Графиня заплакала от радости и смертельной тревоги.
– Боже мой! Как тебе пришла в голову такая мысль? – воскликнула она, сжимая руки Фабрицио.
Она встала с постели и вынула из бельевого шкафа тщательно запрятанный кошелечек, вышитый бисером, – в нем лежало все ее богатство.
– Возьми, – сказала она Фабрицио. – Но ради бога береги себя. Что будет с несчастной твоей матерью и со мной, если тебя убьют? А надеяться на успех Наполеона невозможно, бедный дружок мой: эти господа сумеют его погубить. Разве ты не слышал в Милане неделю тому назад рассказа о том, как его двадцать три раза пытались убить, и все в этих покушениях было так хорошо обдумано и слажено, что он уцелел только каким-то чудом. А ведь он был тогда всемогущим. И ты же знаешь, что наши враги только о том и думают, как бы избавиться от него. Франция впала в ничтожество после его изгнания.
Графиня говорила об участи, ожидавшей Наполеона, с глубоким, страстным волнением.
– Позволяя тебе отправиться к нему, я приношу ему в жертву самое дорогое для меня существо на свете, – сказала она.
Глаза Фабрицио наполнились слезами, и он заплакал, обнимая графиню, но воля его не поколебалась ни на одну минуту. Он с горячностью изложил своему дорогому другу все основания, побудившие его принять такое решение; мы позволим себе смелость признать их весьма забавными.

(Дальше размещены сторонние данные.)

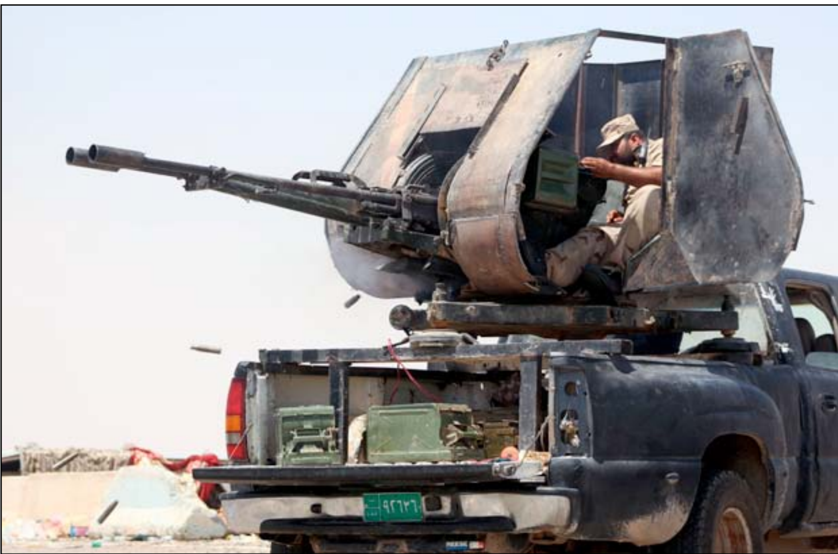
آلية عسكرية في الصقلاوية.

بأيدينا بعد قتل اعداد كبيرة منهم". بدوره قال احد مسؤولي فرق الرصد في القوات المشتركة حسن الجبوري في حديث الى (المدى برس) "استطعنا رصد وصد مجموعة من التعرضات للتنظيم من ثلاثة محاور"، مبينا أن "تلك المعركة كانت كفيلة بقتل اعداد كبيرة وتكبيدهم الخسائر في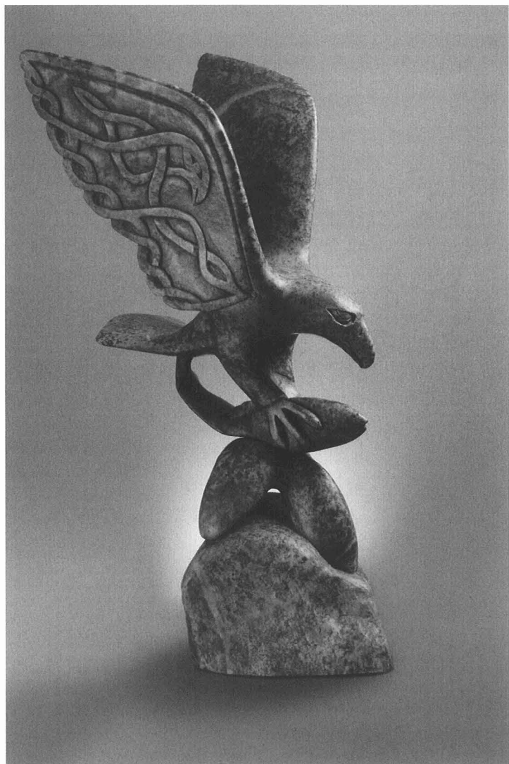
ABRAHAM ANGHIK RUBEN Aigle et saumon (Kipling Gallery))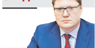
Андрей Исаев, первый заместитель руководителя фракции «Единая Россия» в Государственной Думе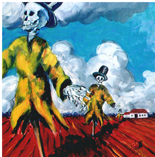
Homeward bound – eitempera en olieverf op paneel, 50 x 50 cm – Collectie Peabody Museum, Boston, USA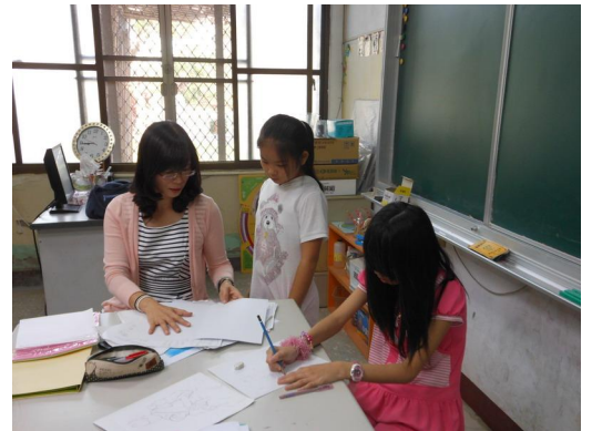
老師指導學生繪製以西拉雅語為主的語花小書

老師利用午休與晨光時間指導學生製作語花台繪本。老師首先必須教導學生認識語花詞彙中的各民族特色，再以資訊融入、直接講述以及活動教學的方式讓學生了解。然後老師指導學生發揮創意製作繪本內頁，並指導學生實際製作，並將優秀作品送參加語花小書比賽。同時擷取整合優良畫作帆布輸出，做為西拉雅語教學情境佈置。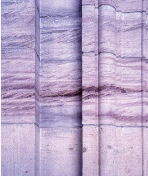
Mauerwerk des Portalgebäudes des Doms in St. Blasien

Ausflug nach St. Blasien: Die Pfarrkirche St. Blasius, wegen ihrer großen Kuppel auch als „Schwarzwälder Dom“ bezeichnet, war einst Kirche einer bedeutenden Benediktinerabtei, deren Gründung auf das 9. Jh. zurückgeht. 1768 wurden durch einen Großbrand das Kloster und die barocke Klosterkirche weitgehend vernichtet. Schon 1772 wurde mit dem Wiederaufbau begonnen, und bereits 1783 war der 62 m hohe Dom St. Blasius, ein Meisterwerk des Frühklassizismus, fertig gestellt. Die monumentalen Gebäude des Klosters und der Kirche sind in Massivbauweise aus grobkörnigem Buntsandstein errichtet, der durch seine helle Färbung und ausgeprägte Strukturierung mit Schrägschüttungskörpern und schichtparallelen Eisen-Manganbändern auffällt. Die Farbpalette des kieselig gebundenen, harten und sehr witterungsbeständigen Sandsteins reicht von fast weiß, grauweiß über hellgelblich, hellbräunlich gelb bis hellrot. Charakteristische Erkennungsmerkmale für die Herkunftslagerstätte im 20 km entfernten Unteralpfen sind neben dem vorherrschenden gelblich weißen Ton die durchweg grobe Körnung und der hohe Anteil an Quarzfeinkies. Regellos verteilt sind kantige Gerölle in Mittel- bis Grobkiesfraktion aus Milchquarz, rotem Hämatitquarz und schwarzen Kieselschiefern. Beeindruckend sind auch die Blockgrößen. Zum Bau der vier freistehenden und zwei eingemauerten dorischen, 15 m hohen Säulen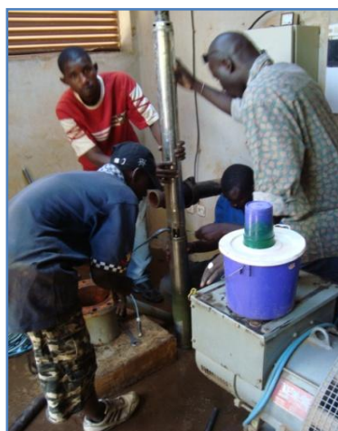
Le projet a procédé à la réhabilitation et la caractérisation du forage préexistant (6", 10m 3 /h).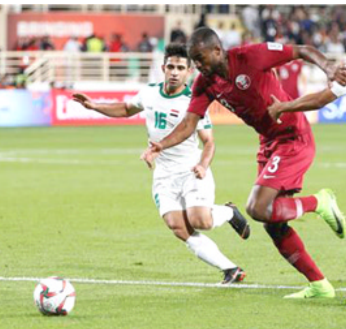
جانب من مباراة المنتخب العراقي أمام نظيره القطري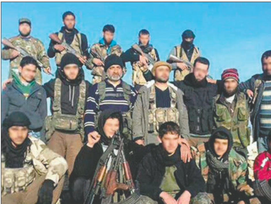
Brigada León Sedov de Siria

La tarea de todos los trotskistas internacionalistas del mundo es recuperar la IV Internacional para refundarla, para que la clase obrera tenga una dirección revolucionaria mundial que la conduzca a la toma del poder, para impedir las catástrofes que aún soporta el proletariado mundial y se profundizan día a día por la falta de una dirección internacional. La crisis de dirección es lo que ha impedido el triunfo de la revolución, de la toma del poder y su coordinación y centralización internacional, y ello lo paga el proletariado con guerras, masacres y penurias inauditas. En este combate apasionante por dotar a la clase obrera de la dirección que se merece me he alistado hace 14 años y por él, seguiré luchando hasta el último día de mi vida.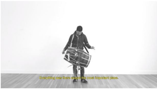
A Place, No Longer (video still), 2019 HD Video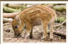
Masser af søde dyrebørn!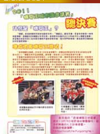
傳媒專訪 - 綠色能源應用創作機關王競賽台灣總決賽冠軍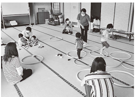
▲親子ふれあい体操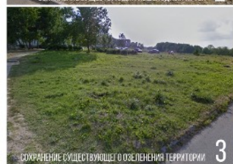
СОХРАНЕНИЕ СУЩЕСТВУЮЩЕГО ОЗЕЛЕНЕНИЯ ТЕРРИТОРИИ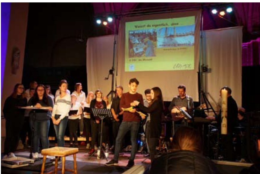
Teamgeist zeigt sich in den unterschiedlichsten Situationen.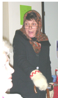
Tomtemor besökte oss

Höstens program avslutades som vanligt med grötfesten. 25 medlemmar hade mött upp för att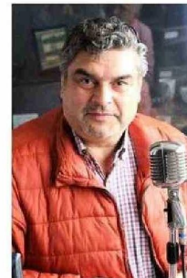
EL CONSEJERO REGIONAL MIGUEL ÁNGEL CONTRERAS, PLANTEÓ EL TEMA DE LOS ADULTOS MAYORES QUE VIVEN EN SITUACIÓN DE HACINAMIENTO.

Finalmente, Contreras dijo que “estimo que en lo referido al hacinamiento medio y crítico que están experimentado más de cinco mil adultos mayores de Temuco y Padre Las Casas, según nos indica que el Instituto Nacional de Estadística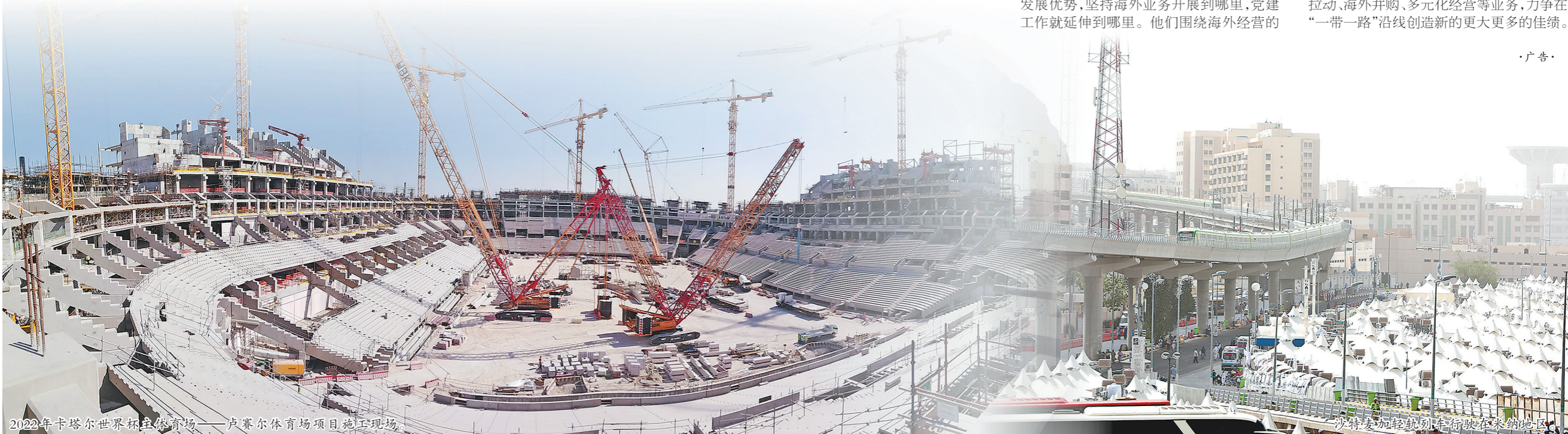
2022年卡塔尔世界杯主体育场——卢塞尔体育场项目施工现场。

– Вчера вечером, в шесть часов без семи минут, мы, как ты помнишь, прогуливались по платановой аллее на берегу озера, под Каза Соммарива, и шли мы по направлению к югу. Как раз в это время я заметил вдалеке ту лодку, что плыла со стороны Комо и везла нам великую весть. Я смотрел на лодку, совсем не думая об императоре, я только завидовал судьбе тех людей, которые могут путешествовать, и вдруг я почувствовал глубокое волнение. Лодка причалила, агент отца что-то тихо сказал ему, отец вдруг побледнел, отвел нас в сторону и сообщил нам «ужасную новость». Я отвернулся и стал смотреть на озеро только для того, чтобы скрыть слезы радости, хлынувшие из глаз моих. И вдруг на огромной высоте – и притом с правой стороны – я увидел орла, птицу Наполеона; орел величественно летел по направлению к Швейцарии, а значит – к Парижу. И я сейчас же сказал себе: «Я тоже пересеку Швейцарию с быстротою орла, я присоединюсь к этому великому человеку и принесу ему то немногое, что могу дать ему, – поддержку моей слабой руки. Он хотел возвратить нам родину, он любил моего дядю!» Когда орел еще не совсем скрылся из виду, у меня вдруг почему-то высохли слезы, и вот тебе доказательство, что эта мысль была ниспослана мне свыше: лишь только я безотчетно принял решение, в тот же миг я увидел, какими способами можно осуществить его. И мгновенно вся печаль, которая – ты знаешь это – отравляет мне жизнь, особенно в воскресные дни, исчезла, словно ее развеяло дыхание божества. Перед моими глазами встал великий образ: Италия поднимается из той тины, куда погрузили ее немцы; она простирает свои израненные руки, еще окованные цепями, к своему королю и освободителю[33]. И я сказал себе мысленно: «Я, доселе безвестный сын многострадальной нашей матери, пойду, чтобы победить или умереть вместе с человеком, отмеченным судьбою и желавшим смыть с нас презрение, с которым смотрят все на нас, даже самые подлые, самые рабские души среди обитателей Европы».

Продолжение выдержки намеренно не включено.